The Riches and other applicants told OPB they haven’t been able to get through to anyone able to provide information about what’s holding up applications.

In Oregon, a flagged claim goes into an internal research process called adjudication. Representatives with the state employment department say because of the migration to the new online system, they do not know how many claims are waiting to get looked at by an adjudicator. They also lack information on how long it’s taking for claims in adjudication to get resolved.

Overall, the department receives around 30,000 weekly unemployment claims. The agency has 98 adjudicators and nearly 170 employees in the general claims category.

“The new system that we have, it’s not just new technology, it’s also a new process in terms of how we are handling the work,” David Gerstenfeld, director of the Oregon Employment Department, told reporters on Wednesday. “It means that the old reports that we had can’t just transfer over and give us the same kind of insights.”

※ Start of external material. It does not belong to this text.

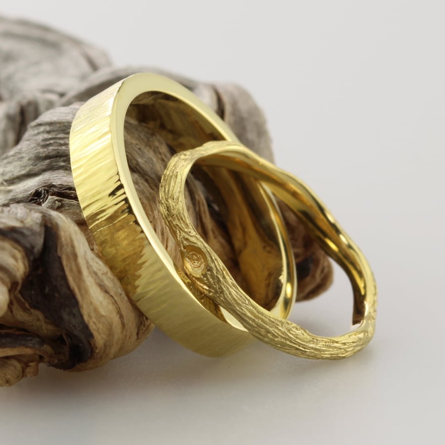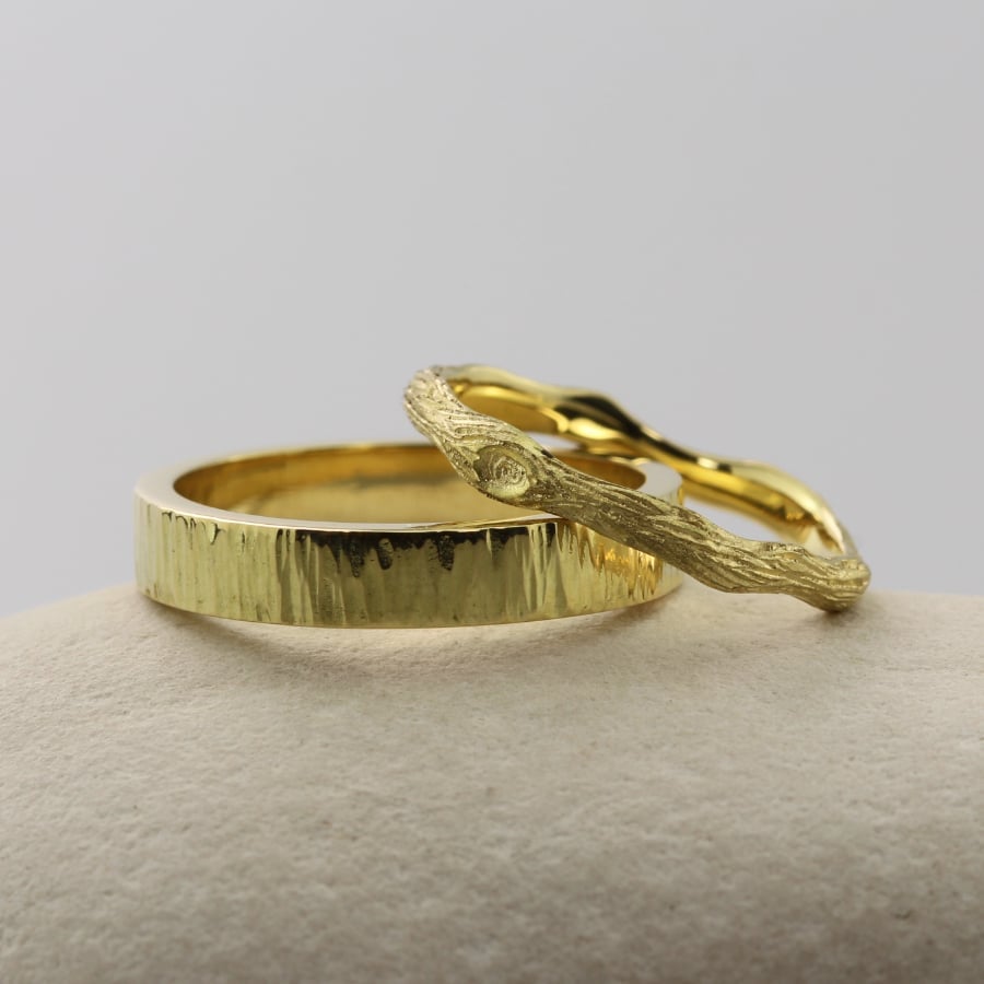 The Twig and Bark: Handmade 18ct Yellow Gold Wedding Ring Set

Gerstenfeld said the agency is working on generating reports with data related to the adjudication process, but was not able to provide a timeline of when those reports will be available. He said the agency will make that information public.

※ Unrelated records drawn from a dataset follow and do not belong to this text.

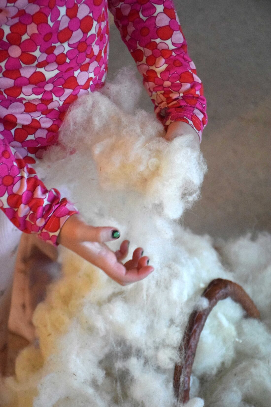 Vrijwilligers van het wolatelier kennen geen verspilling en verwerken alles. De geschoren vachten worden zorgvuldig gewassen met ecologisch verantwoorde middelen en daarna gedroogd door zon en wind. De kaardmolen reinigt en laat alle vezels dezelfde kant liggen. Zo wordt de wol klaargemaakt voor de volgende stap, het spinnen of vilten.
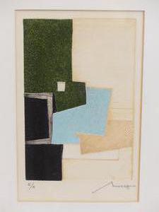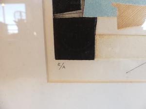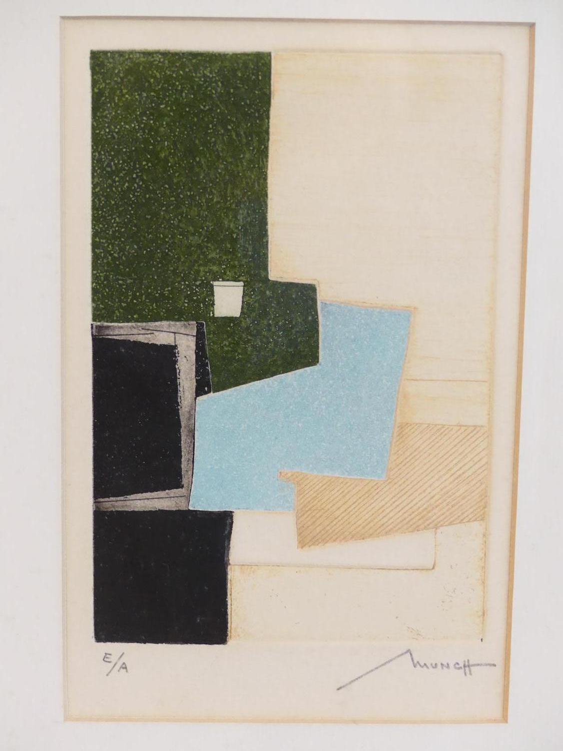 bernard munch (1921-2009), edition proof engraving in colours, 5 3/4" x 3 3/4", "untitled - abstract forms"
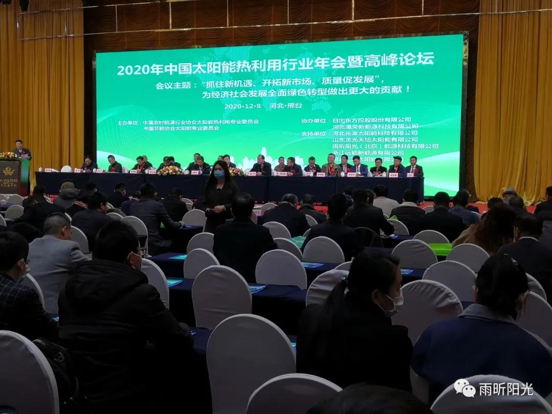 本次大會雨昕陽光董事長孫培雨從為行業提出了建議,對公司在2020年在研發制造和開拓新興市場方面兩方面做的努力做了簡單介紹,雨昕陽光在國際國內形勢復雜多變的環境下,堅定信心,做大做專太陽能光熱市場,實現銷售額同比增長了2倍,在行業發展持續負增長的情況下,逆勢而行,斥巨資在威縣建設新能源產業基地。歷經二十年的發展,雨昕陽光逐漸做大做強。
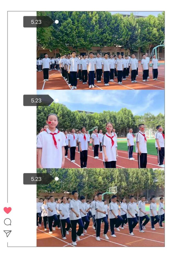 随着入场口令响起,激动人心的课间操比赛正式拉开序幕。同学们昂首挺胸、英姿勃发,喊着强劲有力的口号,踏着坚定矫健的步伐,宛如蓄势待发的雄鹰,彰显着初一学子团结奋进、力争上游的精神。

OPB reached out to multiple state legislators in areas with higher than average unemployment or in large population areas. Many reported a small bump in emails about frustrations with the employment department since the website rollout was completed in March.

Rep. Anessa Hartman, D-Oregon City, said her office has heard from at least 10 constituents about issues connected to the employment department. Like Gerstenfeld, Hartman says the problems aren’t with the new website.

“OED’s previous filing system was notoriously outdated, and I’m optimistic that the new Frances Online system will streamline the process for Oregonians, despite initial hiccups for some people with their identity verification,” Hartman wrote in an email to OPB. “However, the vast majority of complaints from my constituents have not been about the online system, but rather the wait times in communications with OED staff or the adjudication process.”

Hartman points to staffing shortages and lack of federal funding as causes for the lengthy adjudication process. In the 2024 session, Oregon lawmakers approved more than $10 million for the employment department to add staff, but those funds won’t flow to the agency until June.

“The kinds of issues that adjudicators process when they’re looking at issues on claims can vary in complexity from things that are pretty simple to things that are highly complicated and involve multiple parties,” Sara Cromwell, deputy director for OED’s unemployment insurance division, said.

Officials with the agency have repeatedly pointed to understaffing and underfunding as part of the reason for long waiting times for cases in adjudication. It was among the issues brought to the surface during the pandemic when thousands of Oregonians suddenly found themselves out of work, applying for benefits and dealing with an outdated computer system and understaffed agency.

“We understand how important it is to have the unemployment insurance benefits to help replace income when people are between jobs, and we don’t take that lightly,” Cromwell said. “We’re working our hardest to provide folks with the services that they need and expect, and constantly striving to do better.”

Director Gerstenfeld told reporters he’s confident things will improve when they are able to add staff members with the state funding expected in June.

Meanwhile, folks like Rich are still in limbo.

“When people qualify for the benefits, they need to be paid in a timely manner,” Rich said. “And if for some reason you are unable to do that, then communicate clearly the reasons why and provide a timeline.”